===== Input for this task
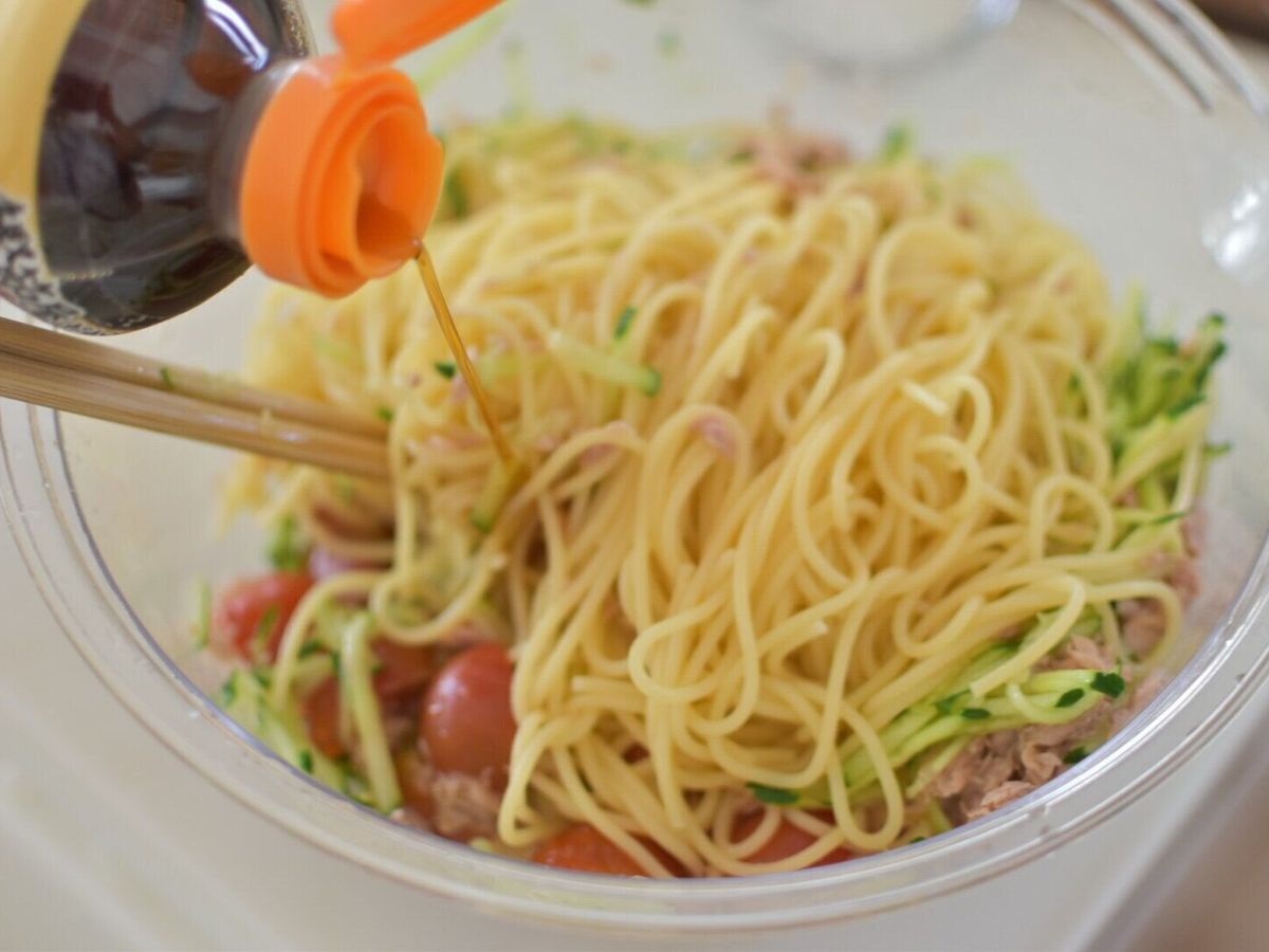 他にも大葉やトマトを加えたサラダ風パスタにしてもさっぱりといただけますよ。
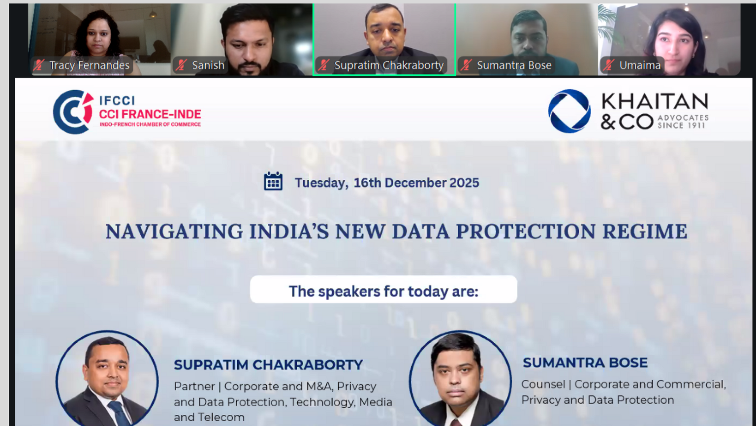 The Indo-French Chamber of Commerce & Industry (IFCCI), in association with Khaitan & Co, organised a webinar on “Navigating India’s New Data Protection Regime (DPDP Act 2023)” on 16th December 2025.
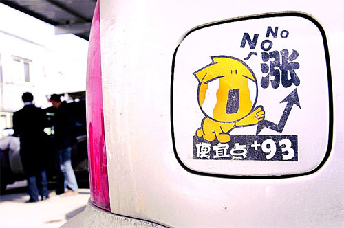 近來,受經(jīng)濟(jì)危機(jī)影響,國際油價(jià)一路走低,但國內(nèi)油價(jià)卻居高不下。對(duì)此,很多車主都很無奈。貼上這頗具諷刺意味的車貼,可以在每次加油時(shí)都小小地抗議一下。(來源:華商報(bào))
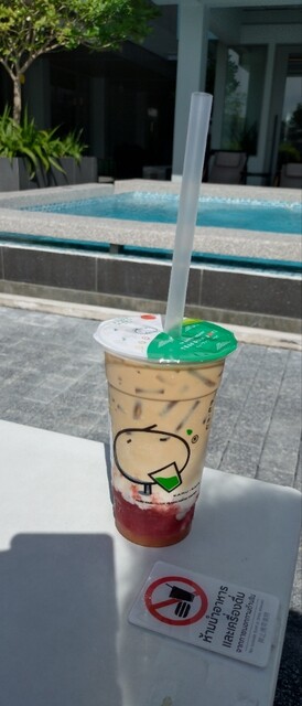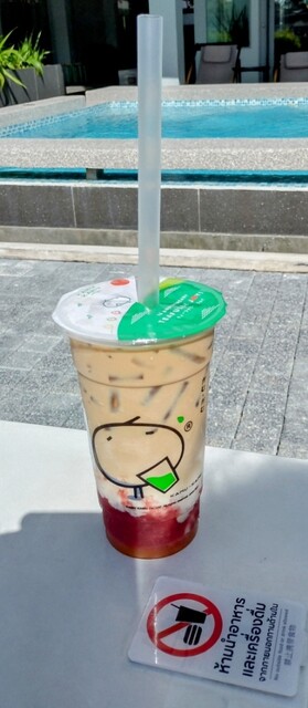 日本円に換算するとタピオカが入ったイチゴ味のタイミルクティーは、443円程度。円安タイバーツ高が続いています。正直言って、バンコクでは外食が安かった旨味が弱くなってきていますねぇ(^o^;)
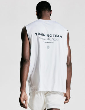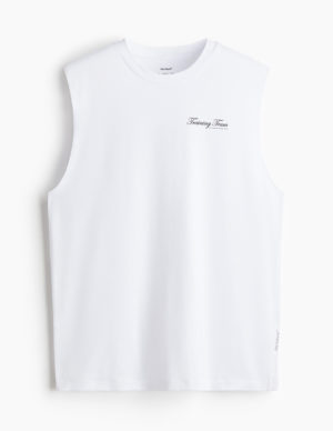 S L XLСпортивна майка з функціональної тканини з принтом та технологією DryMove™, яка допомагає відводити вологу від шкіри, забезпечуючи комфортне відчуття сухості під час руху. Вільний крій з круглим вирізом горловини з ребристою обробкою, закругленими проймами та прямим подолом
==========
**Try it**: Leave out the images and copy all remaining data word for word.

**Answer to this problem**:
 他にも大葉やトマトを加えたサラダ風パスタにしてもさっぱりといただけますよ。
 The Indo-French Chamber of Commerce & Industry (IFCCI), in association with Khaitan & Co, organised a webinar on “Navigating India’s New Data Protection Regime (DPDP Act 2023)” on 16th December 2025.
 近來,受經(jīng)濟(jì)危機(jī)影響,國際油價(jià)一路走低,但國內(nèi)油價(jià)卻居高不下。對(duì)此,很多車主都很無奈。貼上這頗具諷刺意味的車貼,可以在每次加油時(shí)都小小地抗議一下。(來源:華商報(bào))
 日本円に換算するとタピオカが入ったイチゴ味のタイミルクティーは、443円程度。円安タイバーツ高が続いています。正直言って、バンコクでは外食が安かった旨味が弱くなってきていますねぇ(^o^;)
 S L XLСпортивна майка з функціональної тканини з принтом та технологією DryMove™, яка допомагає відводити вологу від шкіри, забезпечуючи комфортне відчуття сухості під час руху. Вільний крій з круглим вирізом горловини з ребристою обробкою, закругленими проймами та прямим подолом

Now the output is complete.